There will, probably, be a time again when it will make sense to have a significant allocation of non-US equity indexes in one’s investment portfolio. But that time, in our considered opinion, is not today.
As the end of the year approaches, our primary focus as always turns to our asset allocation choices for the year ahead. Some years can elapse quietly with minimal tweaks to portfolio weights, while others require extensive rethinks on a more frequent basis. We imagine that 2025 will fall into the latter category. Fair warning: our model portfolios in June may look quite different from their appearance in January. Maybe that rethink will include a fresh take on non-US equities. But nothing today is telling us to expect a shift away from what has been perhaps the single most enduring advantage in equity allocation for several decades now, and that is US large cap equities. Consider the evidence, as shown below over multiple long, intermediate and short time periods.
The upper-left quadrant in the above chart sums it up neatly: if you had invested $100 in the S&P 500 index of large-cap US stocks in 1990, that $100 would be worth $1,683 today. Had you opted instead to invest it in emerging markets (via the MSCI Emerging Markets index, shown in green) your investment would be worth $505 today. Moving on down, a decision to go with developed economies outside the US, here represented by the MSCI EAFE (Europe, Australasia and Far East) index, would leave you with just $216 today, thirty-four years later.

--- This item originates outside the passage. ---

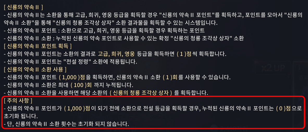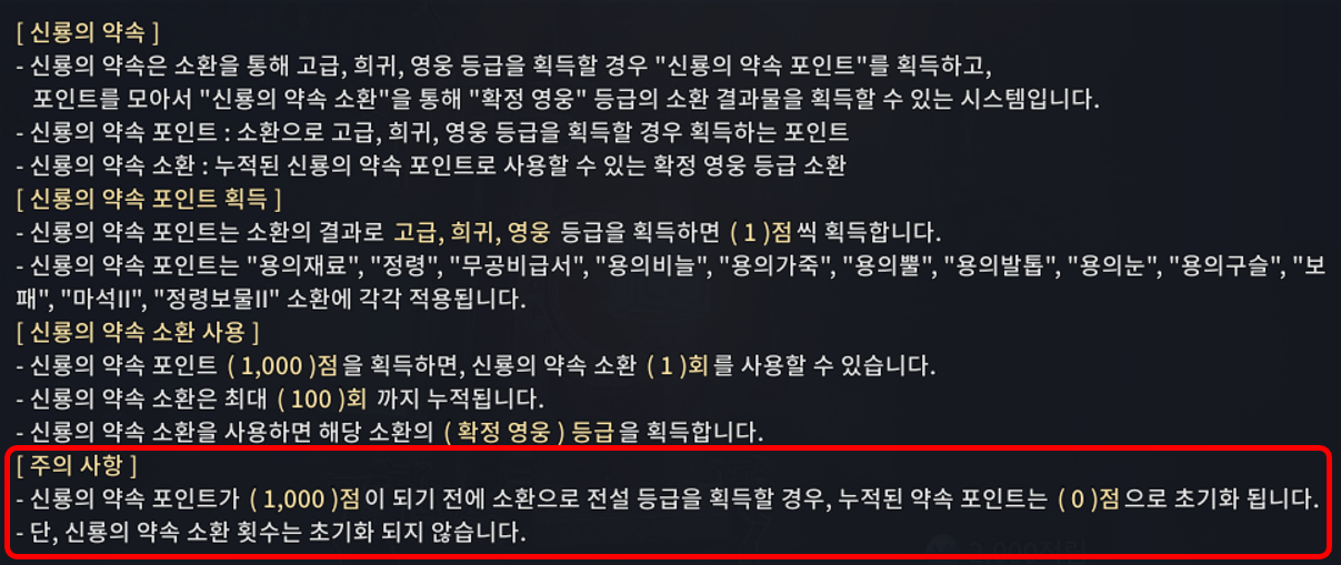 기본 규칙 - 상점 내 [소환]탭에서 소환 진행 시 고급/희귀/영웅 등급 갯수당 1포인트씩 적립됩니다. ① 각 소환 종류별로 신룡의 약속 포인트는 개별적으로 적립됩니다. 암시장을 통한 소환은 신룡의 약속 포인트로 적립되지 않습니다. ② '영웅'등급 확정 소환을 위한 필요 포인트는 1,000포인트이며, 충족 시 소환 횟수 1이 추가됩니다. 이 소환 횟수는 최대 100까지 누적할 수 있습니다. 추가된 소환 횟수 1을 누르면 아래와 같은 알림이 발생하며 영웅 등급 아이템 혹은 신룡의 청룡 조각상 상자를 소환할 수 있습니다. 추가로, 최대 소환 횟수 100에 도달한 상태로 일반 소환을 진행할 경우 신룡의 약속 포인트를 획득할 수 없습니다.

And that’s without taking risk considerations into account. Both non-US indexes (particularly emerging markets) exhibited a higher level of volatility over this period than the US, turning on its head the traditional mantra of “higher risk for higher return” that the finance textbooks teach us. The US advantage has held up consistently in shorter time periods as well, right down to the last twelve months. As the chart in the bottom-right quadrant shows, the S&P 500 in 2024 maintained its advantage throughout a year which many in the financial chattering class thought would finally mean-revert to favor non-US opportunities.
The root causes of this enduring advantage are several. We think two of them offer the most convincing explanations: first, the dominance of information technology in domestic US indexes; and, second, the flatlining of the China supercycle from the mid-2010s as the world’s second-largest economy failed to rebalance towards a more equitable distribution between industrial production and consumer spending. Let’s take each of these in turn.
US large cap equity indexes are dominated by a small number of technology companies that own a vast amount of the intellectual property that powers our economy. This intellectual property is pervasive across the entire spectrum of industry sectors from finance to retail to manufacturing. There simply is no comparable pool of high-tech IP present in the equity indexes of our peer developed economies. Information technology makes up less than nine percent of the EAFE index by sector weight, compared to 31 percent of the S&P 500. And that’s not even counting the contribution of four companies – Alphabet (Google), Meta (Facebook), Amazon and Tesla that are technically not part of the “information technology” sector (Alphabet and Meta being constituents of the communications services sector while Amazon and Tesla reside in the consumer discretionary sector). Those four companies alone make up twelve percent of the S&P 500’s market cap, in addition to the 31 percent in the IT sector.
Over in the world of emerging markets, it has largely been a story of China and everybody else, at least until recently (we have our eyes on India as a potential challenger). In the 1990-present chart above (upper-left quadrant) you can see the effect the China supercycle in its heyday had on the emerging markets index, from roughly 2002 to 2012. China came out of the 2008 global financial crisis in a stronger position than most of the developed world and seemed well-positioned to make a serious challenge for global leadership. But that all stalled out in the middle years of the 2010s as Beijing’s economic policymakers made several half-hearted attempts to rebalance the economy and bring its consumer spending component more closely in line with that of other countries. It never managed to pull it off, always reverting back to the tried-and-true formula of increased spend on manufacturing and, especially, property development. The Chinese property market today is in a slow-burning collapse, with its largest enterprises bankrupt or in serious financial trouble, and its discontented homeowners shutting down their monthly household expenditures. The economy is dangerously close to tipping into a deflationary cycle reminiscent of Japan in the late 1990s and early 2000s.
These structural challenges to both developed and emerging non-US markets would have been present regardless of how the recent US election went, with the attendant implications of trade hostilities, tariffs and sanctions replacing the seemingly bygone world of free trade and open borders. Those only add to our conviction that now is not the time to be making a meaningful move into non-US equities. This all may change, and probably will, sooner or later. But not yet.